Seize ans après la disparition de Pierre Urbain Dangnivo, le procès se poursuit devant le tribunal de Cotonou. À l’issue de ses réquisitions, le ministère public a demandé une peine de 30 ans de réclusion criminelle contre Codjo Alofa, tout en sollicitant une requalification des faits et la restitution des restes de la victime à sa famille.
Nouvelle étape dans le procès de l’affaire Pierre Urbain Dangnivo. Le ministère public a dévoilé, ce mercredi 15 juillet, ses réquisitions devant le Tribunal de première instance de première classe de Cotonou, en demandant la condamnation de Codjo Alofa à 30 ans de réclusion criminelle. Selon Bip Radio, le procureur de la République, Olushègun Tidjani Serpos, estime que les éléments débattus au cours des audiences justifient une requalification des faits reprochés au principal accusé en complicité de meurtre avec coauteurs.

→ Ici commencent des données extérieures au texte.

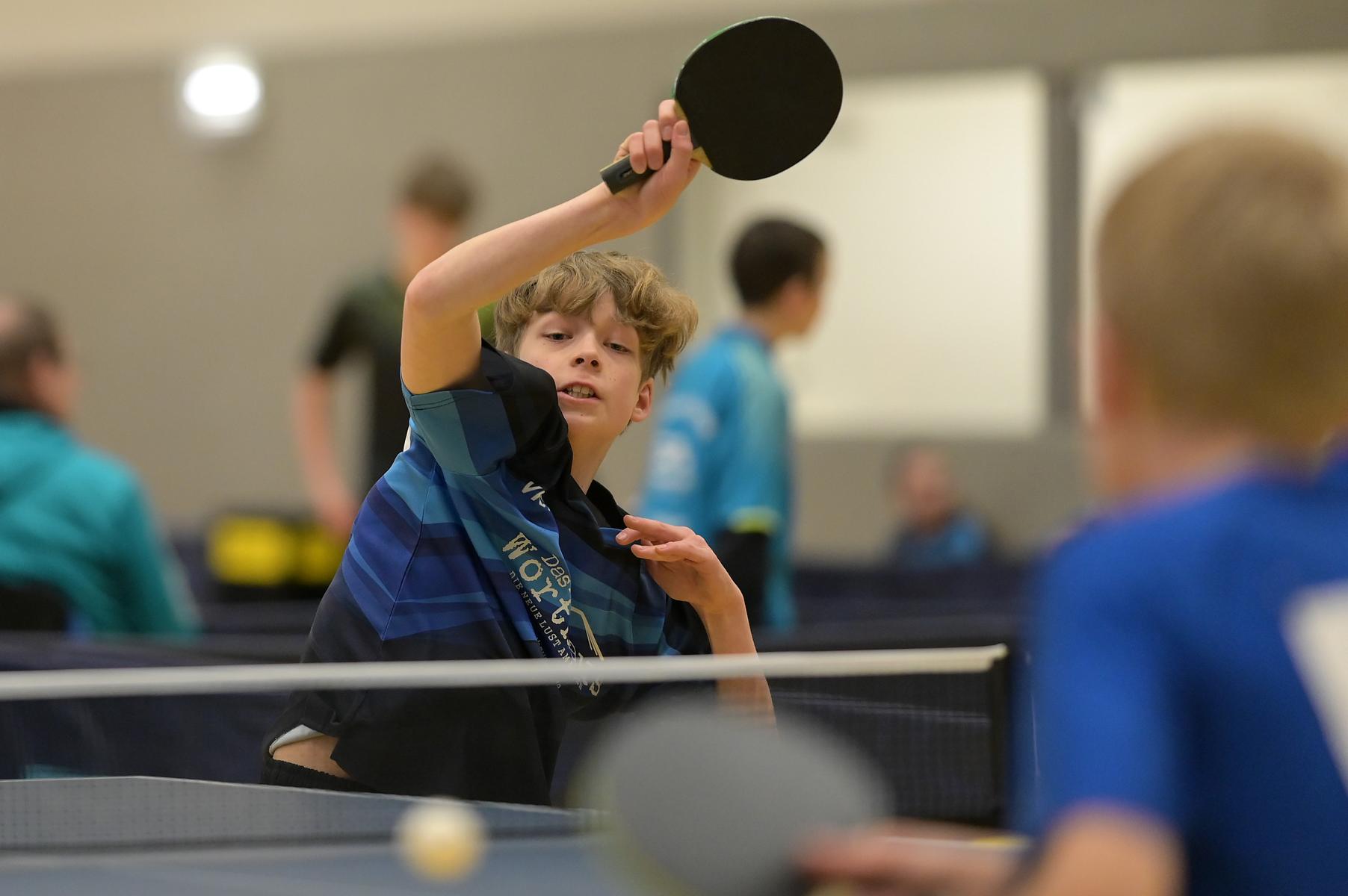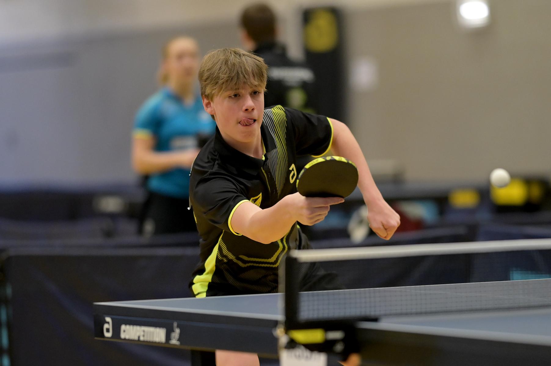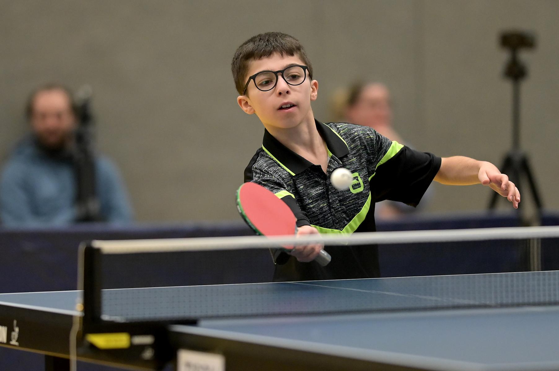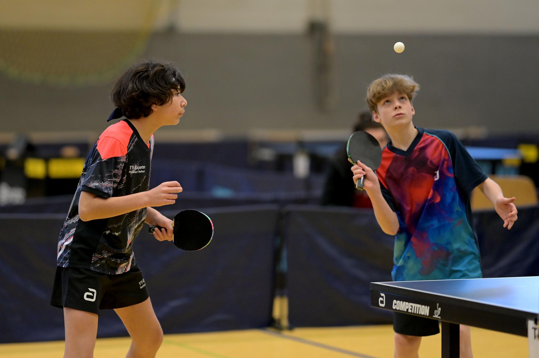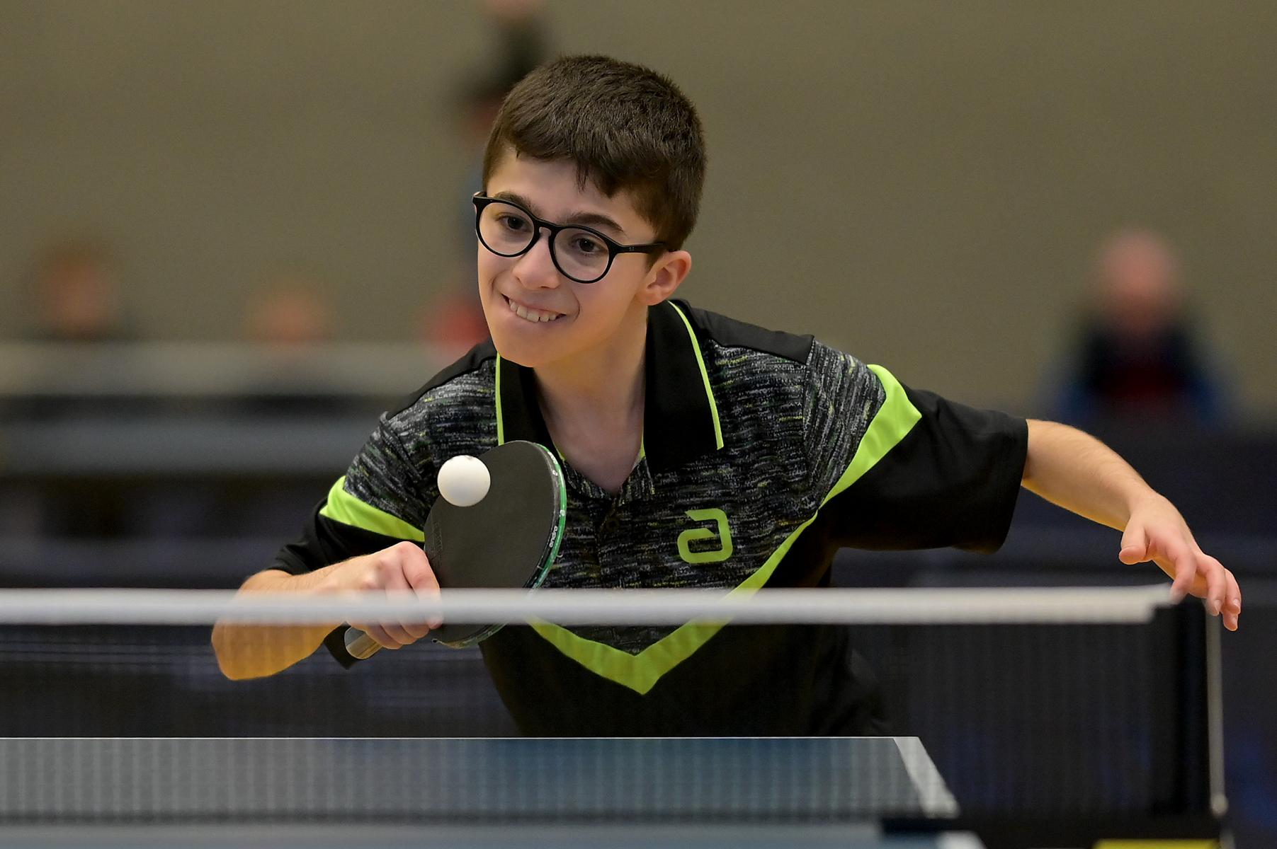 Bei den Jungen erreichte Top-Favorit Ole Brock ( TTC DJK Bad Westernkotten) souverän das Finale. Im gegenüber stand Finn Stockmann (Spvgg. Meiderich 06/95), der an diesem Wochenende ein tolles Turnier spielte und seine Chance nutzte, denn in der unteren Hälfte der KO-Runde „stolperten“ einige Favoriten. So kam es im Halbfinale zu den Paarungen Finn Stockmann gegen Amandus Vogl (TTC Bärbroich) und Ole spielte gegen Rahdeen Haghighat (1. FC Köln). Sowohl Finn als auch Ole gaben hier lediglich einen Satz ab und erreichten durch ihre 3:1-Siege das Finale.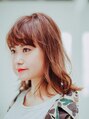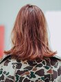 小顔効果のある、ひし形シルエットのミディアムスタイルです。カラーはオレンジベージュ、パーマは全体にゆるくふわっとカールをつけ、前髪は流せるよう方向づけをします。スタイリング剤を揉み込みカールを崩すとカジュアルな雰囲気になります!!

Outre cette peine de prison, il a requis une amende de 150 millions de francs CFA et demandé que les restes de la dépouille de Pierre Urbain Dangnivo soient remis à sa famille pour qu’elle puisse lui offrir une sépulture. Le ministère public s’est également prononcé sur le sort du second prévenu. À l’encontre de Donatien Amoussou, il a sollicité une peine de cinq ans d’emprisonnement ferme après avoir demandé la requalification des faits en escroquerie.
Ces réquisitions interviennent au terme de plusieurs audiences consacrées à l’examen du dossier. Témoignages, confrontations et débats sur les pièces versées à la procédure ont rythmé les échanges. Les plaidoiries des avocats de la défense et des parties civiles ont également mis en évidence les divergences d’appréciation sur les responsabilités des accusés.
Disparu le 17 août 2010, Pierre Urbain Dangnivo était cadre au ministère de l’Économie et des Finances. Son affaire est devenue l’un des dossiers judiciaires les plus sensibles du Bénin, en raison de sa durée, des nombreuses investigations menées au fil des années et des interrogations persistantes sur les circonstances de sa disparition.
Par ailleurs, il convient de retenir que les réquisitions du parquet ne constituent pas une décision de justice. Il revient désormais au tribunal d’apprécier les arguments des différentes parties avant de rendre son verdict.